## THE TASK
Output the run of lines that opens with the first line of the material below and closes with the line containing "Humidifiers for Bedroom, 2.5L", both included, and drop the pictures.

## GIVEN MATERIAL
-*-*-

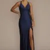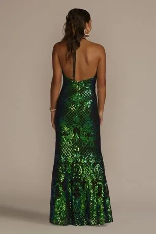 A glistening pattern of sequins add undeniably sexy shine to this sheath dress styled with a dramatic plunging halter neckline. If a bombshell prom look is what you’re after, this is it!
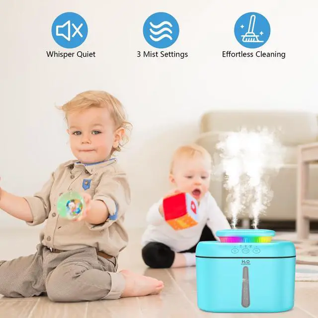Humidifiers for Bedroom, 2.5L Capacity, Auto Shut-Off, Easy to Fill & Clean, 16 dB Quiet Ultrasonic Humidifier for Large Room, Plants, Baby Nursery, Indoor, Night Light(Blue)
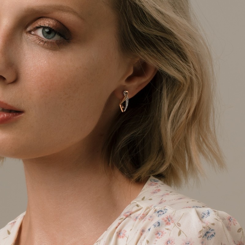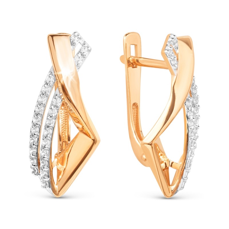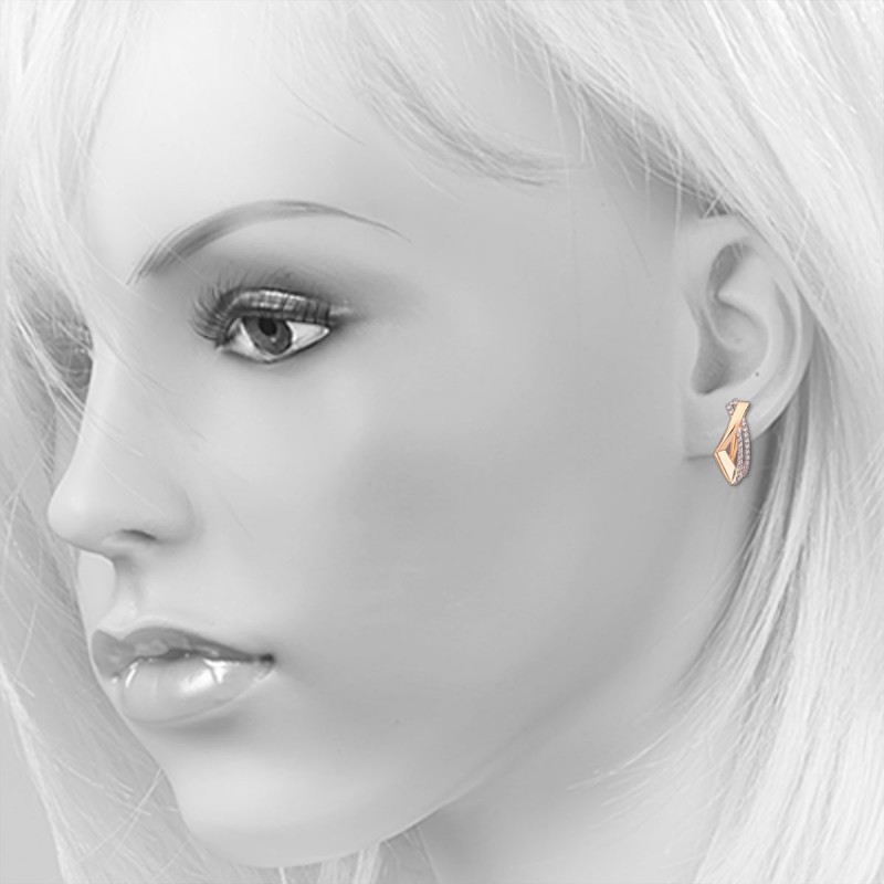 Kolczyki z rosyjskiego złota próby 585. Te kolczyki wykonane z czerwonego złota próby 585 łączą płynne linie z błyszczącymi elementami cyrkonii, tworząc nowoczesny, elegancki design. Zakrzywiony kształt nadaje dynamiczny wygląd, a rzędy cyrkonii odbijają światło w ukierunkowany sposób.

-*-*-

## EXERCISE RESULT
 A glistening pattern of sequins add undeniably sexy shine to this sheath dress styled with a dramatic plunging halter neckline. If a bombshell prom look is what you’re after, this is it!
Humidifiers for Bedroom, 2.5L Capacity, Auto Shut-Off, Easy to Fill & Clean, 16 dB Quiet Ultrasonic Humidifier for Large Room, Plants, Baby Nursery, Indoor, Night Light(Blue)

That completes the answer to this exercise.